Query settings allow to manipulate the behavior of queries, for example setting limits on query execution time and resource usage or toggling specific behaviors on-and-off.

Documentation:

-   [Settings](https://clickhouse.com/docs/en/operations/settings/settings)
-   [Restrictions on Query Complexity](https://clickhouse.com/docs/en/operations/settings/query-complexity/)

Using query settings is done:

-   at query-time via ClickHouse client library arguments (preferred)
-   at query-time via explicit [`SETTINGS` clause in queries](https://clickhouse.com/docs/en/sql-reference/statements/select/)
-   via `users.xml` file to apply to all queries

### Server settings

Server settings allow tuning things like global thread or pool sizes, networking and other `clickhouse-server`\-level configuration.

Documentation:

-   [Server Settings](https://clickhouse.com/docs/en/operations/server-configuration-parameters/settings/)

You can change server settings via `config.xml` file. **Note:** some settings may require a server restart.

### MergeTree table settings

MergeTree settings allow configuring things from primary index granularity to merge behavior to limits of usage of this table.

Documentation:

-   [MergeTree tables settings](https://clickhouse.com/docs/en/operations/settings/merge-tree-settings/)
-   Undocumented settings can be found in [the source code](https://github.com/ClickHouse/ClickHouse/blob/master/src/Storages/MergeTree/MergeTreeSettings.h)

MergeTree table settings are set either:

-   at table creation time
-   or via [`ALTER TABLE ... SETTING`](https://clickhouse.com/docs/en/sql-reference/statements/alter/setting) statement

### Profiles and users

ClickHouse allows creating different profiles and users with their own set of settings. This can be useful to grant read-only access to some users or otherwise limit resource use.

Read more in documentation:

-   [Settings Profiles](https://clickhouse.com/docs/en/operations/settings/settings-profiles)
-   [Settings](https://clickhouse.com/docs/en/operations/settings/settings/)
-   [Creating Clickhouse users, roles and profiles runbook](https://runbooks.posthog.com/clickhouse/users-roles).

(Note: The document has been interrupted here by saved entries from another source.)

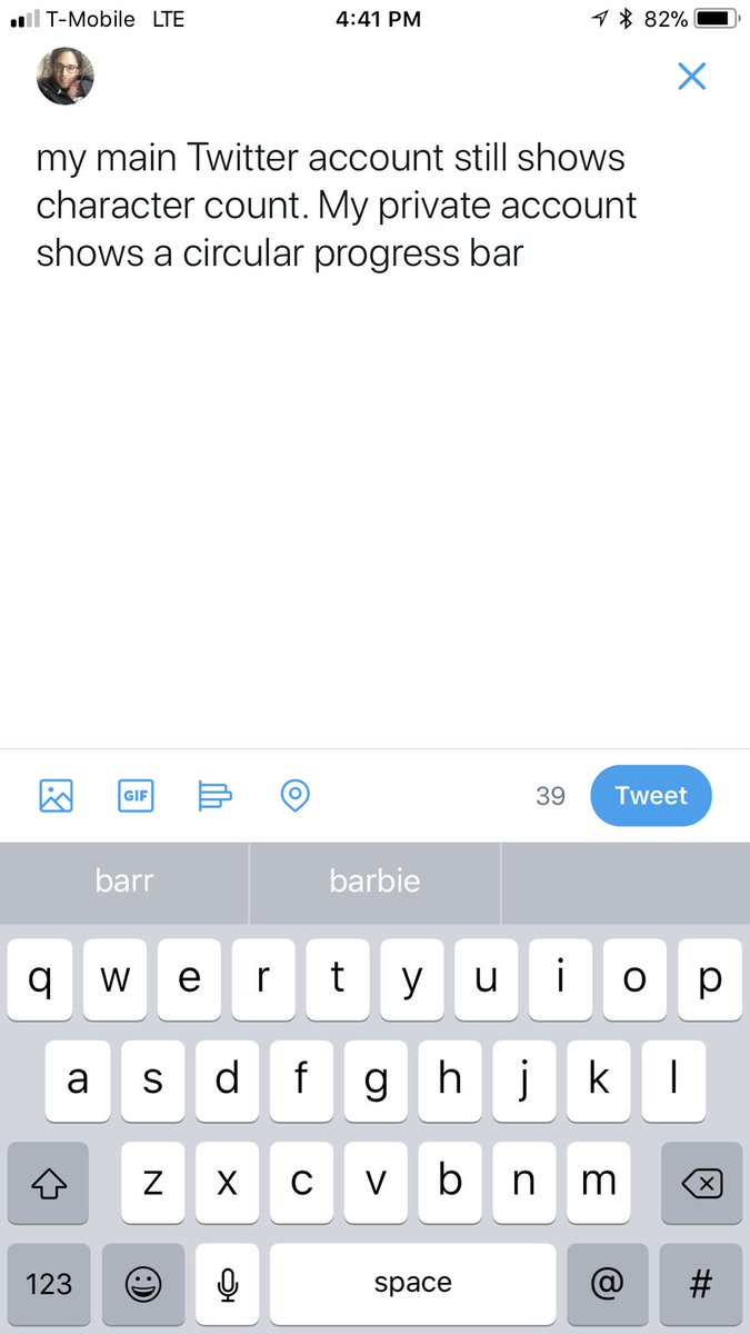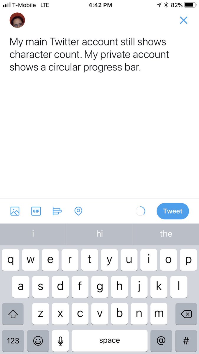 My main Twitter account still shows character count. My private account shows a circular progress bar. Hello A/B test!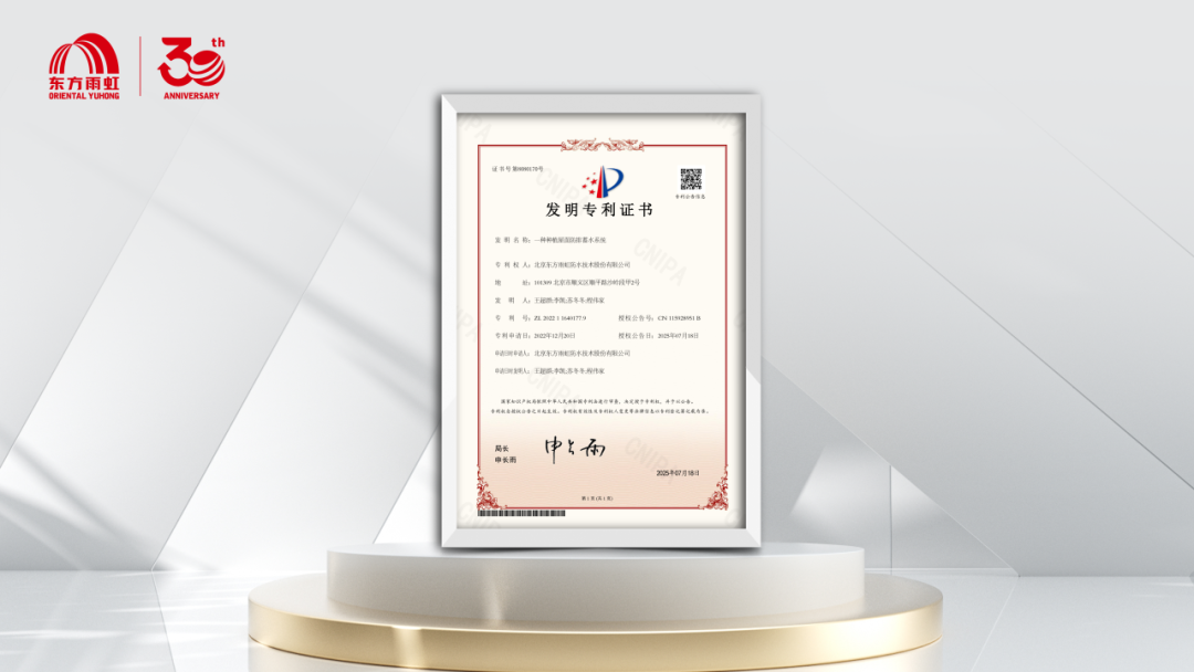 近期,东方雨虹“一种种植屋面防排蓄水系统”成功获得专利授权,成为雨虹桃花源零坡度有组织防排蓄水系统(以下简称“雨虹桃花源”)斩获的第23项专利。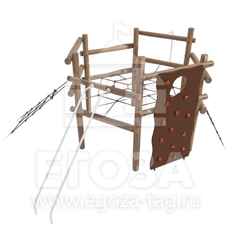 Материалы: Дерево хвойных пород; Армированный канат 16 мм; Фанера 18 мм; Нержавеющая труба 42 мм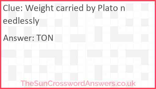 Weight carried by Plato needlessly is a crossword clue for which we have 1 possible answer and we have spotted 2 times in our database. This crossword clue was last seen on 29 May 2025 in The Sun Cryptic Crossword puzzle!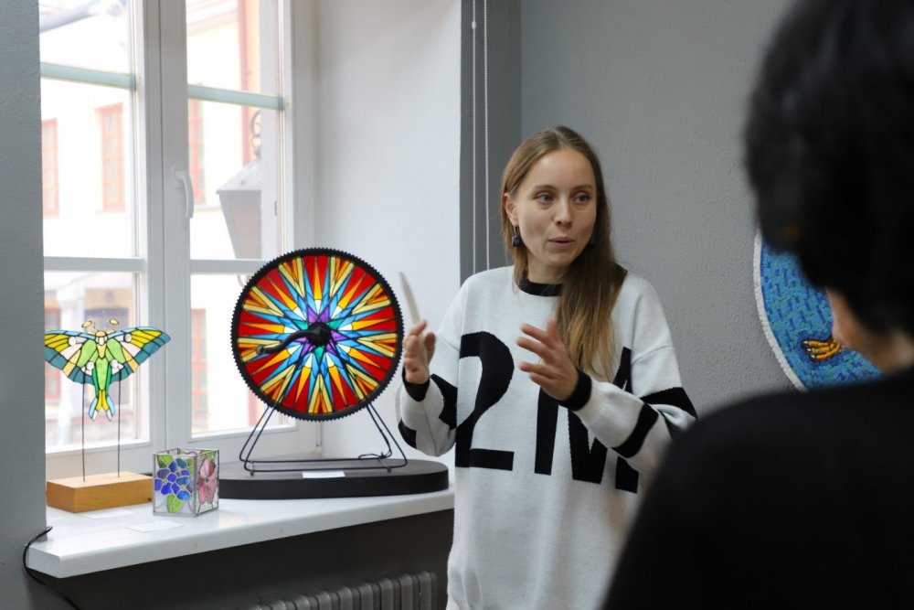 Падчас дэма-класа Паліна Корзун-Фомчанка падрабязна расказала пра працэс вырабу вітража Ціфані, прадэманстравала ўсе неабходныя для гэтага інструменты і матэрыялы.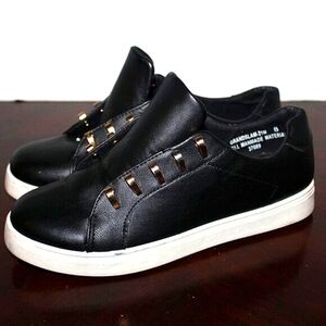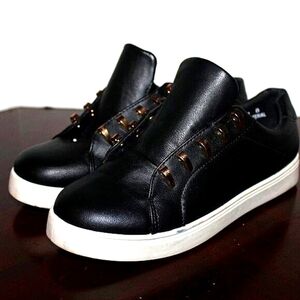 Bamboo Slip-On Sneakers - Women's Size 8 - Black - Gold Stud Detail - W/Laces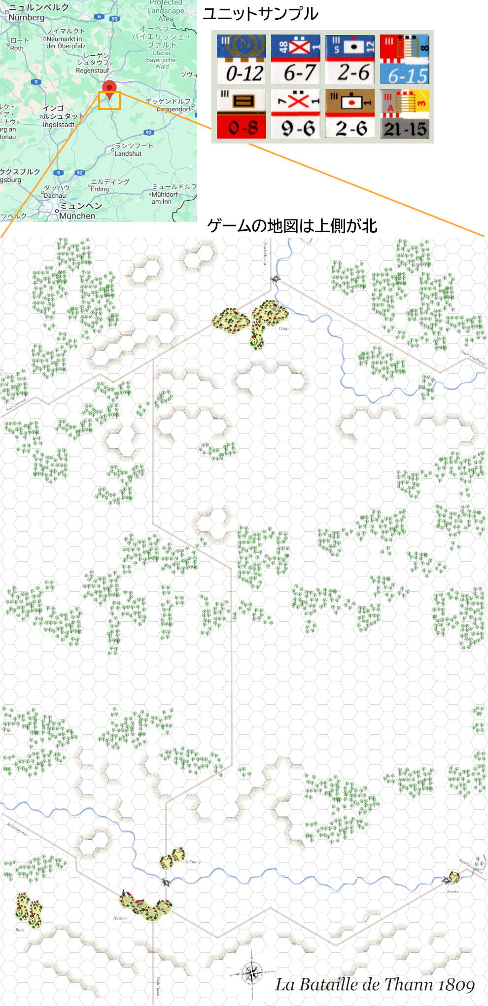 - 2)ターンの場所を示すgoogleマップ、ゲームの地図とサンプルユニットは、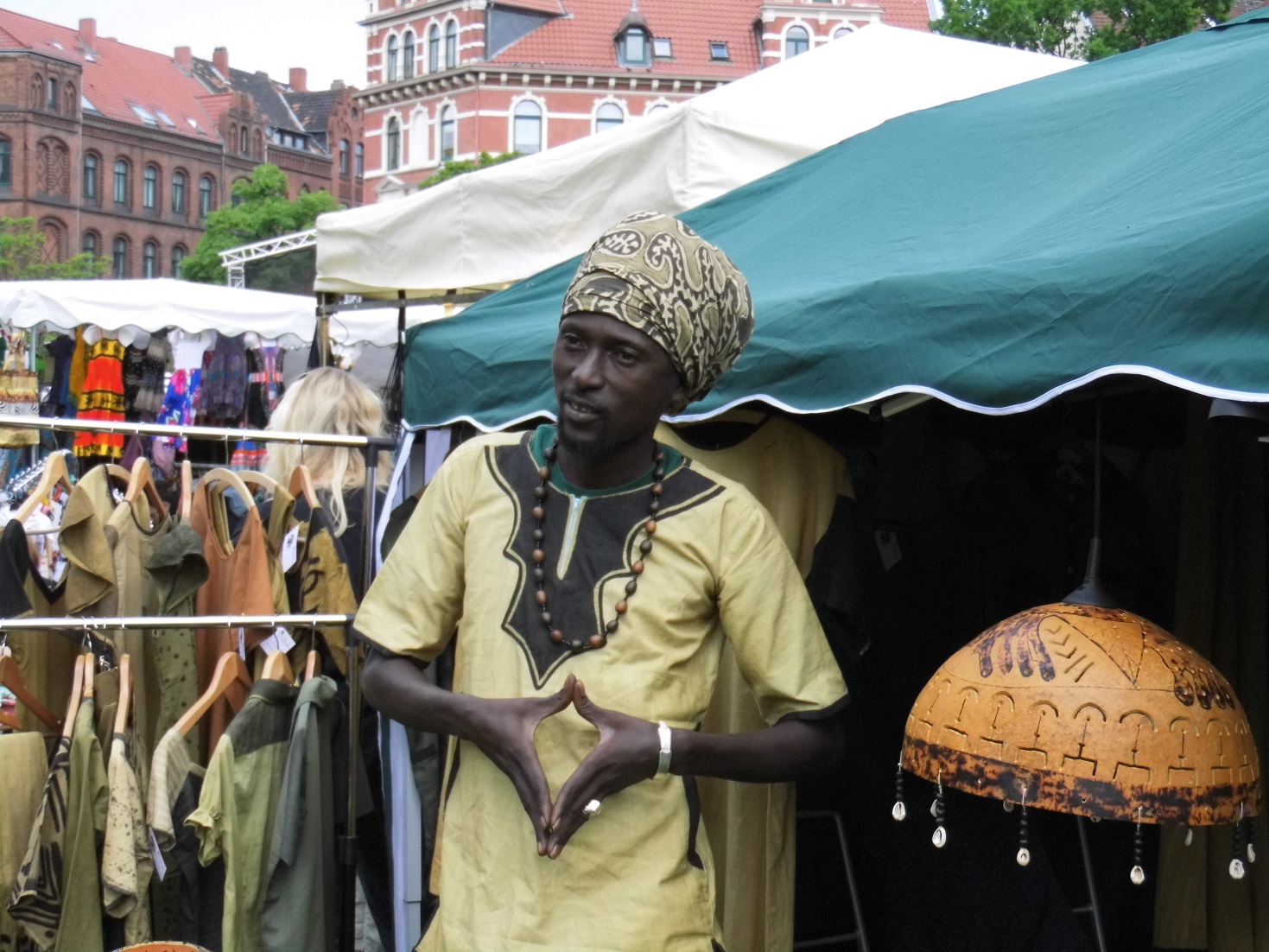 Händler bieten eine Vielfalt von Stoffen, von Seide aus Indien bis zu handgewebtem Leinen aus Mali, Gewürze duften verheißungsvoll und allerlei Schmuck und Gewerk von Silberschmuck aus Marokko bis zu Lampen aus Ägypten, wird zum Kauf geboten. Die Waren stammen aus dem arabischen Raum und vom afrikanischen Kontinent. Alle Waren transportieren ein Stück ihrer Geschichte und haben teils große Entfernungen mit der KARAWANE zurückgelegt. Das Stöbern und Feilschen lohnt sich also gewiss.

### Querying ClickHouse from the app

While not currently the case, all PostHog products and features that query ClickHouse *should* use a specific ClickHouse user for the use case. We have a bunch of product-specific ClickHouse users that are specified when running a query with the ClickHouse client. For example, see [this](https://github.com/PostHog/posthog/blob/d06b55a764704ed3e60594981a40c19bb8f7f05c/posthog/models/cohort/util.py#L635).

When developing a new product or feature, using a dedicated ClickHouse user is important for multiple reasons:

-   we need to be able to monitor different workloads and see what queries are potentially hurting our ClickHouse clusters
-   we should be able to set appropriate resource constraints for different products and avoid hurting other products' performance by cheekily using a random user that already exists
-   we should be able to scope privileges on the ClickHouse user to what it really needs, limiting the blast radius of a compromised credential

## Mutations

`ALTER TABLE ... UPDATE` and `ALTER TABLE ... DELETE` operations which mutate data require ClickHouse to rewrite whole data via special merge operations. These are frequently expensive operations and require monitoring.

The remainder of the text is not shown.